Ronald Reagan was nowhere near as simple-minded as he was portrayed in a largely hostile visual media. The Day After caused him to use our parity in theater nuclear weapons to bring the Soviets to the negotiating table, and the result was the INF Treaty (which, according to experts interviewed for an Aviation Week article, is being effectively voided by Russia).

Another made-for-TV movie broadcast shortly after The Day After, the BBC’s Threads, is also a docudrama, but one which is less a political drama and more a documentary. Threads very calmly examines the assumptions on which British civil defense planning was based and plausibly discredits them. It was clearly better-researched than The Day After and does a better job of rubbing the viewer’s nose in the reality of the post-nuclear world.

I am a certified radiological monitor under the old Federal/state civil defense program, and have read the literature of arms control and nuclear warfighting theory extensively.
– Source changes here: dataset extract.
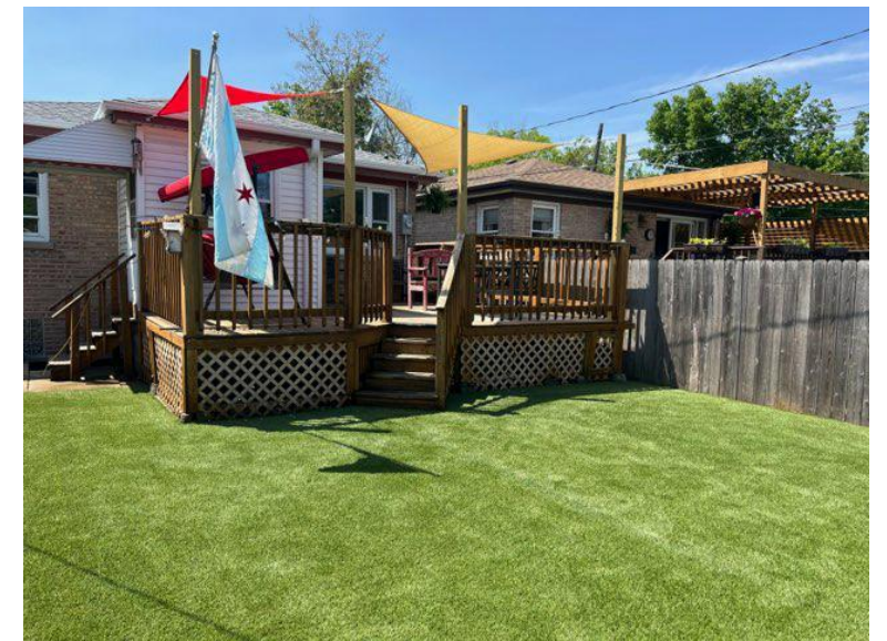
9 ARTIFICIAL GRASS

This isn’t impressive compared to the qualifications of some of the “arms control wonks” who implied to reporters before last year’s elections that there was nothing preventing the President of the United States from ordering the use of our nation’s nuclear arsenal without a good reason — that hasn’t been true since the Nixon administration — but I’d like to share my perspective, anyway.

While arms control advocates are correct in saying that movies like The Day After and Threads show that the notion of “winning” a nuclear war is a dangerous fallacy (for painfully obvious reasons), they’re economical with the truth about what happens when one side in an arms control treaty obeys it, and the other chisels on it.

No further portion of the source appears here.